The fuel lever senders are both in there - the left and right tank senders from my scrap yard doner. Each arm-wire was cut and reshaped so that the two work together. One arm "reads" the bottom half of the tank and the upper arm gets the 1/2 to Full range. Solves the 100 ohm requirement, gets full coverage of the tank in the bargain. Took a long time to figure out the mounting, swing for each float, etc. Bending and working the wires to the floats - not exactly easy to do and a mistake could mean another trip to "the yard".

The last sillyness of this pump/sender unit - it won't drop in the hole intact. Each sender has to be free from the metal frame, and inserted after the frame is in the hole, then screw the sender bracket to the metal frame working from above the opening. Can do but drop a screw = start over. I just happened to have some 10-32 PEM nuts in my junk boxes left, so they got pressed into the frame, at least I didn't have to fiddle with nuts along with the screws...



A view of the tank with a couple of the dividers, pump, slosh trap valve.



The FFR supplied fuel fill pipe got cut up and reshaped to fit the top of the tank instead of the lower back side. I decided to put a (rather small - gulp - it's what I had on hand) vent pipe along with it to help with slow fill problems many have discussed here. A second vent on the plumbing will go to the charcoal cannister/vent "circuit". Between the two I hope fill venting will be sufficient.

By the way, when pressure testing the whole assembly I learned the lovely fill cap from FFR will only hold about 1 to 1.5 PSI. Then again I think the ECM only runs the tank up to about 0.5 PSI when it is doing fuel system leak testing cycles. Also the little keeper pin on the back side of that fill cap has a small set-screw to keep it from falling out by accident, should you release the spring tension. The screw was loose on mine as received. Someone fiddling with the fuel cap while it is not installed could/would maybe loose that pin for you.

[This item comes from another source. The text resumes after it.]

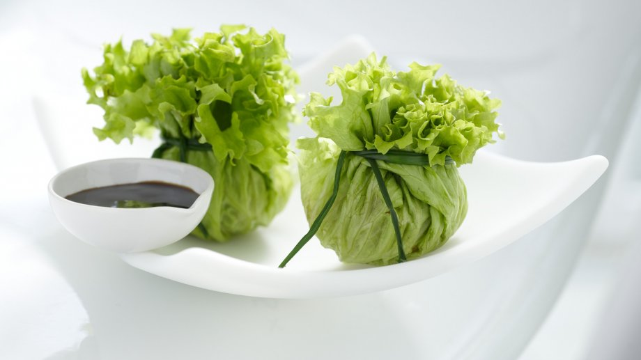 5. Выложите начинку на листья с небольшими порциями кешью. Заверните в форме мешочка и зафиксируйте зелеными стеблями лука. Servir с соусом Хойсин и наслаждайтесь свежим вкусом!

This didn't come in a box...



Making gaskets, from Fel-Pro 4 part sample pack (see later pix). Hobby brass tubing is always handy to have around. Use different sizes to do all sorts of interesting things sooner or later. 20T press is just a slight bit of overkill but makes punching the fiber-rubber sheet a whiz. The small fiber ring washers go under each of the bolt down ring's 10/32 nuts, just in case one of the swage/crimps should ever leak.